As the holidays are here and going by, there is definitely an emotional roller coaster going on in my system. Thanksgiving has passed and it was my second one as a mom. Everyone knows you expect to have the greatest time with whomever you will spend it with and eat lots of food and really think about what you are grateful for, although it should be done every day of the year. Overall, in my eyes thanksgiving is suppose to be great and I expected it to be so, considering last year Jayden was so small he didn’t interact with my family but now that has 1, walking, talking, and eating on his own he would have a good time and so would I.
Unfortunately I put my hopes up a little too high and it turning out to be not so well made me crash into this emotional sadness hole that has lasted and makes me not want to celebrate anything else this year. My son was really sick and teething. It made him extra attached to me and being around so many people he probably didn’t recognize made it worse.
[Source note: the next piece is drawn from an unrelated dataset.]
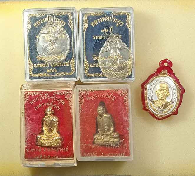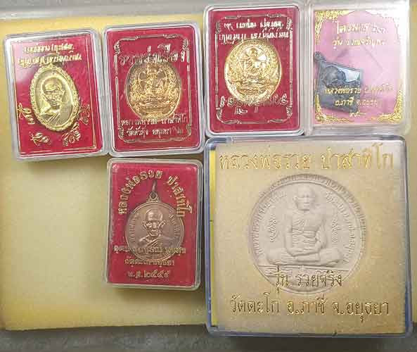 เหรียญ 5 เหรียญ +พระผงรูปเหมือน หลวงพ่อรวย วัดตะโก อยุธยา |
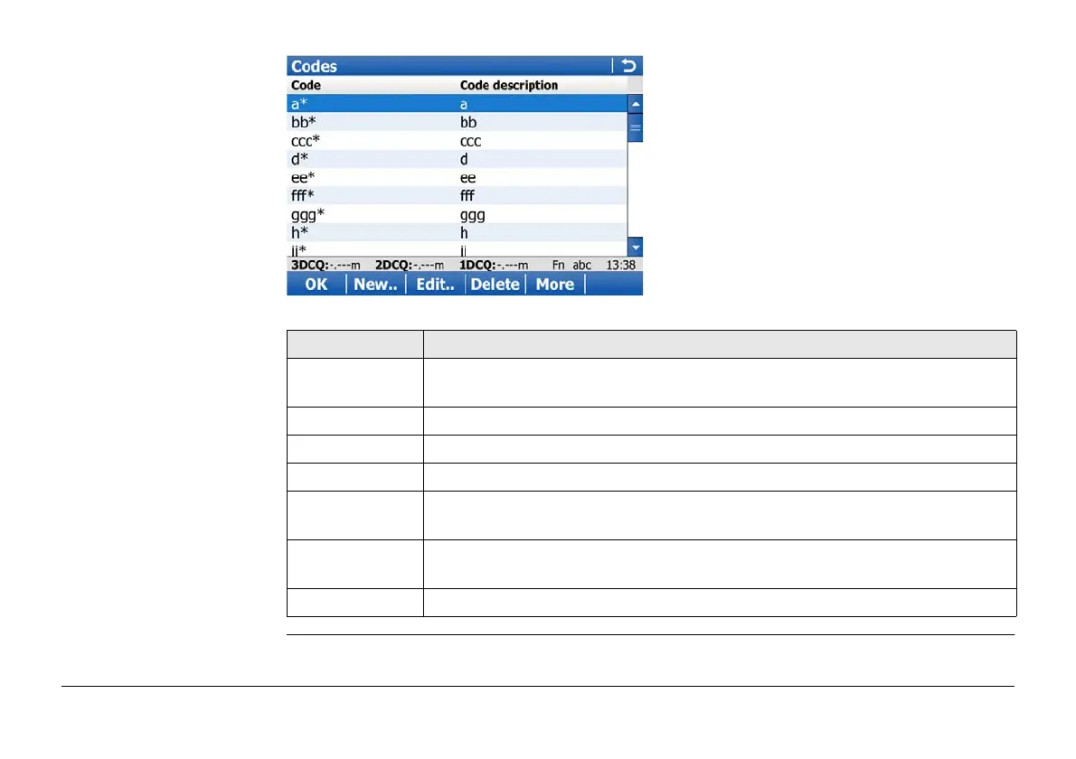 New.. To create a new code. Refer to "7.4.2 Creating/Editing a Code".

His crying made me very aggravated but not as much as how my family’s comments did. all I heard the whole night was “well you decided to have a kid so young right, so carry him because he’s not going to stop crying ad he’s your responsibility” and “you have to deal with things your cousins don’t have to deal with” and “you can’t go black Friday shopping because you can’t take him out in the cold” and “oh maybe he’s hungry feed him, get him milk, why isn’t he drinking milk, you don’t take care of him right…” etc, etc.
They don’t realize that being a young parent I face enough shame as it is, and that at least this one day of the year they should be considerate and not throw things in my face. They don’t know my life and the struggles I face, why bring it to the table on a day that family is supposing loving towards one another. As a result of this night, I’d rather spend my holidays alone with my son and/or with those who can sit down with me and relate to my life. Maybe it’s that I am still stuck on how things were every year and got use to it, it made my holiday so horrible. It’s up to me to make myself happy around these times of year and be there for myself because expecting others to be there for you will make you feel bad in the end when there aren’t results you were looking for.
Honestly, I don’t know how many people can relate to situations like these but my overall message to other young parents is that no matter what you, deserve to have a great times just as anyone else and don’t let anyone tell you otherwise just because you have a kid.